Ian Tuttle raises a similar question, and is similarly confused as to why Paul would so deliberately step on what can fairly be considered a third rail in Florida politics, especially among the Cuban American Republican population.
In the end, of course, only Senator Paul can speak to why he chose to speak out on this issue in a way that it, as I said in my earlier post, quite contrary to where the majority of Republicans likely stand on this issue, but I can’t see why either Allahpundit or Tuttle are all that surprised that he did.
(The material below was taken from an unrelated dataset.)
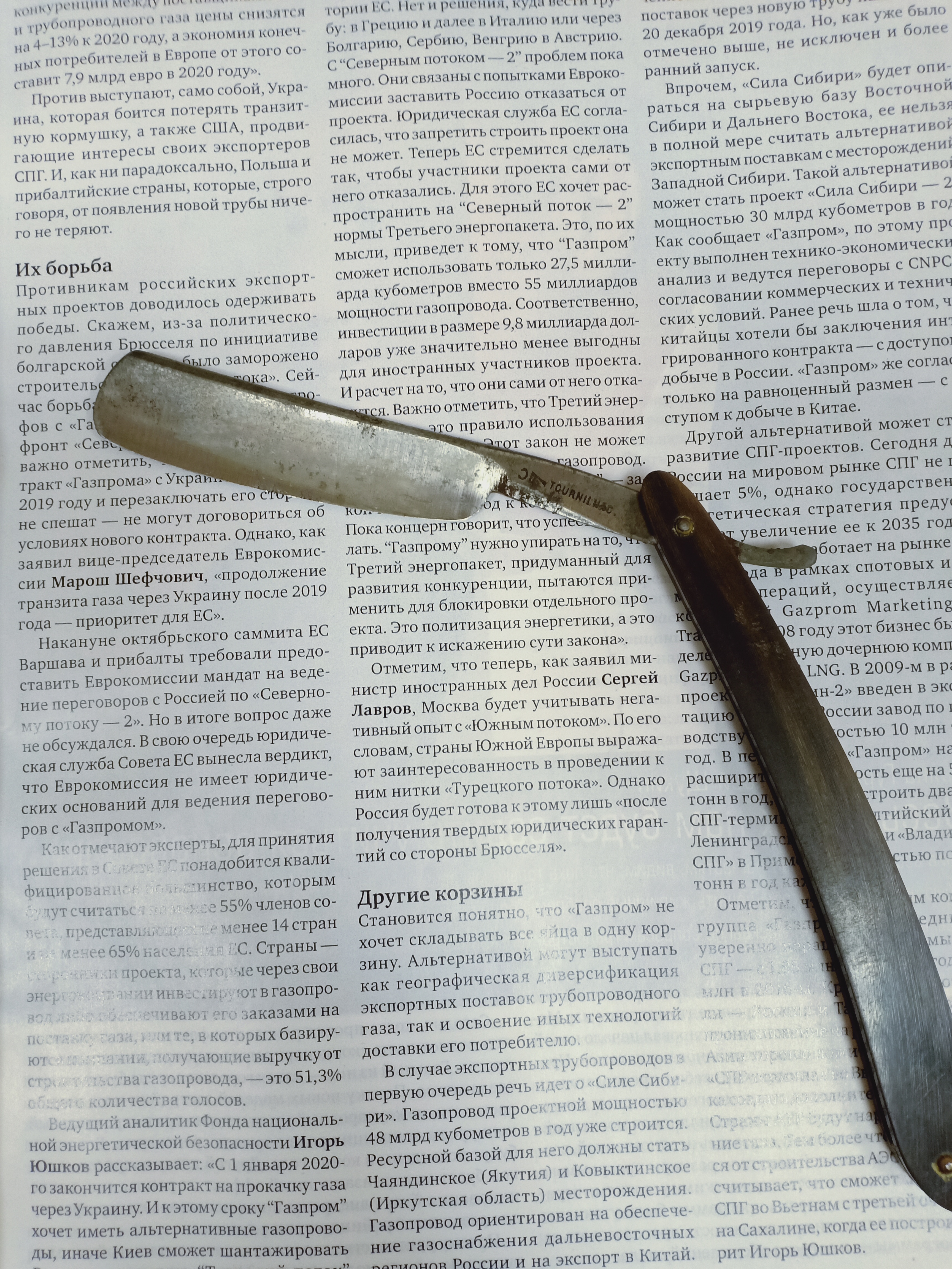 Tournilhac, ThiersДобрый день, уважаемые форумчане. Хочу поделиться опытом использования этой бритвы. Пользуюсь ей, как основной уже пол года. Бритва шикарно бреет. Тяжелая, в руках лежит, как родная) Рез мягкий. Отдал её мастеру на повторную заточку, так как слегка уже затупилась. Жду с нетерпением, когда вернёт обратно) Пробовал более легкие бритвы немецкого, шведского и советского производства - всё не то.

After all, this is hardly the first time that the Senator has spoken out in a way that differentiates him from large segments of the Republican Party. Viewed from that perspective, it’s probable that Paul is saying something he actually believes here, which may be more than those of us who are usually used to viewing politics through an incredibly cynical lens can’t always relate to. No doubt, of course, the Senator is aware that he’s going against the GOP grain here just as he has in other areas of foreign policy over the past four years. As I’ve said before, this is something that Paul is likely to take a lot of heat for in the Presidential race should he actually decide to run, and I’m sure he’s aware of that as well. So why do it? Well, I think what we may be seeing here is the beginning of a campaign that is built on the twin pillars of standing up against a tide of GOP critics who are advocating policies that offer nothing more than more of the same failure and appealing to voters who don’t ordinarily vote in Republican primaries. Will it work? I don’t know, but it would be interesting to watch and if it leads to a real debate inside the Republican Party over foreign policy then let’s bring it on.